As every schoolkid should know, the fattest knight at King Arthur’s Round Table was Sir Cumference. He got that way from too much pi.
Or maybe not.
I’d been thinking that it was about time I did another of my Dates To Note and, while looking to see what March had to offer, I was struck by the juxtaposition of two of them. In the UK last week was British Pie Week, whilst in the USA 14 March is National Pi Day. Being a good British citizen of proportions that make me the answer to the football fans’ chanted question ‘Who ate all the pies?’ I was naturally drawn to this. However on further investigation I found that it was in fact a ‘celebration’ by Jus-Rol who make…yes, you guessed it…pastry. You can click the link above if you want to find out more, but I wouldn’t bother if I were you, unless you want the recipe book!
It was actually the fact that the Americans thought that Pi was worthy of a whole day to itself that caught my attention. My mind was suddenly full of images of those guys who used to present the Open University maths progammes – wild hair, wild eyes, outrageous shirts and strange knitwear – gathering together (in circles, of course) chanting strange incantations to the mythical aspects of a mathematical constant, whatever they may be. In case you’re like me and school was a long time ago – or you didn’t listen – the definition of Pi given on the website is:
“Pi Day is celebrated on March 14th (3/14) around the world. Pi (Greek letter “π”) is the symbol used in mathematics to represent a constant — the ratio of the circumference of a circle to its diameter — which is approximately 3.14159.”
I’m not sure about the claims of worldwide celebration, to be honest. For a start, I don’t know how many countries use the short form calendar backwards to make the 3/14 link possible. Sorry, American readers, but it’s just illogical to put it that way round: days become months, months become years, so it makes more sense to me that today is 12/3/15. Having got that mini rant off my chest, I guess there must be geeks all over the world who would welcome the opportunity to celebrate a concept. But how do you do it? And why? And how did it all begin?

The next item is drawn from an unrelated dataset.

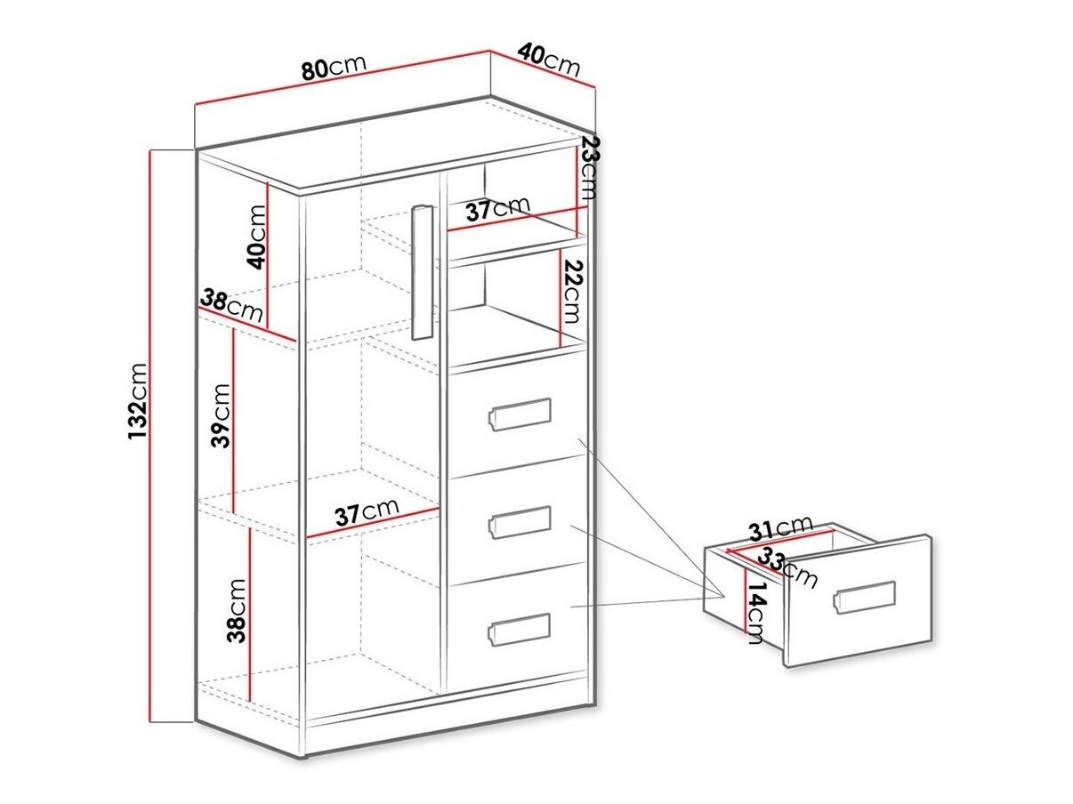 Kommoden Akron H100 (Anthrazit + Weiß + Grau)

As usual, I turned to the fount of all knowledge, i.e. Wikipedia. You can read the whole article here, but in summary the day was first marked by a physicist called Larry Shaw in San Francisco, in 1988. Heeeeere’s Larry:
What did I say about 1980s mathematicians! There are apparently some educational aspects that make this a day worth giving some attention, such as the competitions in schools to see who can recall Pi to the most decimal places. I’m sure that will be helpful in your future career, kids! But even the instigator of the concept made the link to PIE rather than PI, as you can see from his photo. Yes, they eat pies to mark the day. Apparently they also throw them, but that just seems sacrilegious! I was also intrigued to discover that as 14/3 is also Einstein’s birthday, Princeton, where he lived for 20 years, hold an Einstein look-alike contest on the day. Give up, guys, I’ve got it covered:
Clearly, Pi Day is a big thing in the States, as even Google has in the past got in on the act:
That’s about as confusing to me as the idea of celebrating a concept, if I’m honest. But if you
have a moment do take a look at the Pi Day website. You’ll learn more about Pi than you can ever have imagined (or wanted). I love the tab given over to ‘Pi Sightings’ and especially the Pi Pie Pan! Maths becomes fun at last! Well, almost. And if you want to know the history of Pi, it is encapsulated in this little ditty:
Whoever thought mathematicians could be so amusing, eh? I think I’ll stick with Don McLean’s original, thanks. But definitely not the Madonna abomination:
Happy Pi-ing, USA! And I hope you aren’t dragging kids into school on a weekend to recite Pi as far as they can!